Петр был простым механиком на торговом судне. Он уходил в рейс на полгода, а то и на год, что очень устраивало Маргариту, так как раньше учеба, а потом бизнес занимали все ее свободное и несвободное время. А может быть, в том, что Петр посещал страны и континенты, привозя из рейсов массу впечатлений, потрясающих фотографий и заморских штучек, Маргарита мысленно воплощала собственную мечту о путешествиях, ощущая свою причастность к его странствиям по морям и океанам. Мужского внимания и флирта ей хватало сполна, а нежные встречи и расставания с красивым, молодым моряком были приятным дополнением к ее бешеному, рабочему ритму жизни.

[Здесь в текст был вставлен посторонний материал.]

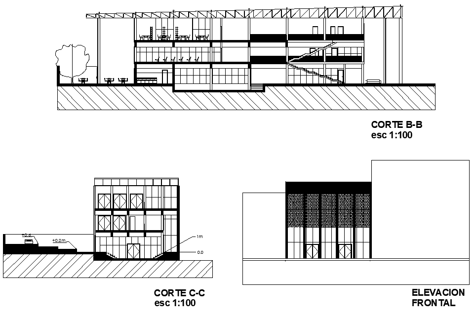 Elevation and Section office plan detail dwg file, with section B-B’ detail, section C-C’ detail, front elevation detail, scale 1:100 detail, etc.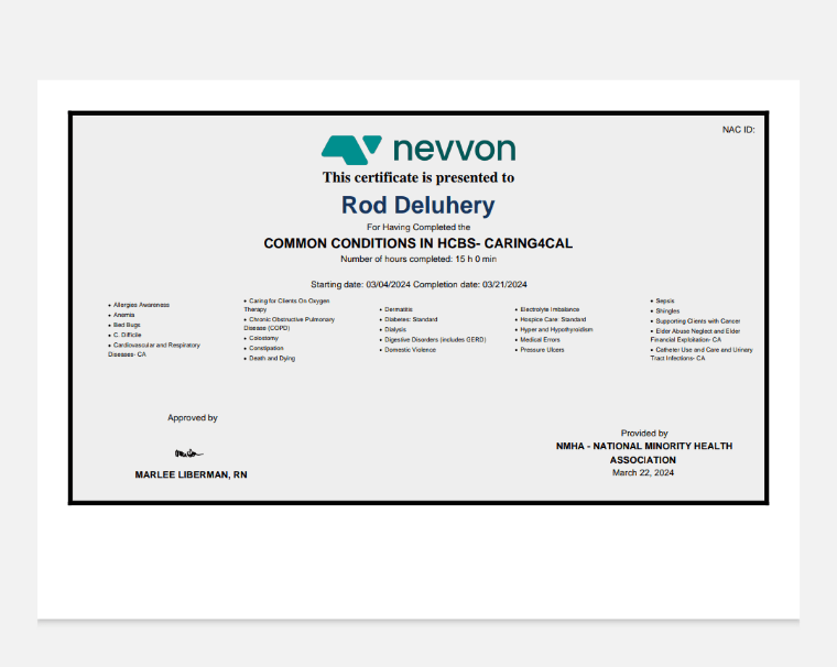 My name is Rod Deluhery and these are my caregiver certifications and trainings: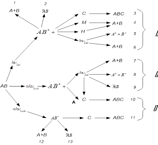 . Однако экспериментально диссоциация сложных молекул наблюдается при интенсивности инфракрасного излучения на много порядков меньшей той интенсивности, которую дают оценки, основанные на вероятности многофотонного поглощения или штарковского уширения [16].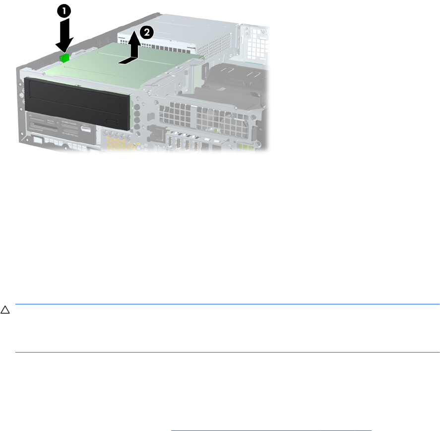 до упора, затем поднимите, чтобы полностью извлечь из блока дисководов (2).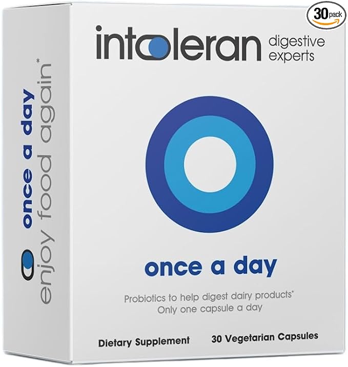 Once a Day - 30 Capsules | Probiotic Lactose Intolerance Supplement | Actively Produces Lactase Enzyme & Helps Digest Dairy | 1 Capsule per Day | 6 Lactic Acid Ferments | Pure & Dairy Free

Петр любил Маргариту искренне, глубоко, живя и дыша ею, не требуя ничего взамен. Он понимал, что никогда не будет для нее той любовью, какой была для него она. Он не осуждал Маргариту за нелюбовь, потому что любящий человек никогда не причинит боли любимому. Он жил для своей Марго, он работал для нее, он брал на себя ответствененость за чувства, которые испытывал к ней.

Петр вложил всю свою любовь и все лучшее, что было в нем, в зачатие ребенка. Он знал, что жена мечтает родить девочку, – именно девочку, потому что страстно желала воплотить в своей дочери ту женщину, какой стремилась стать сама.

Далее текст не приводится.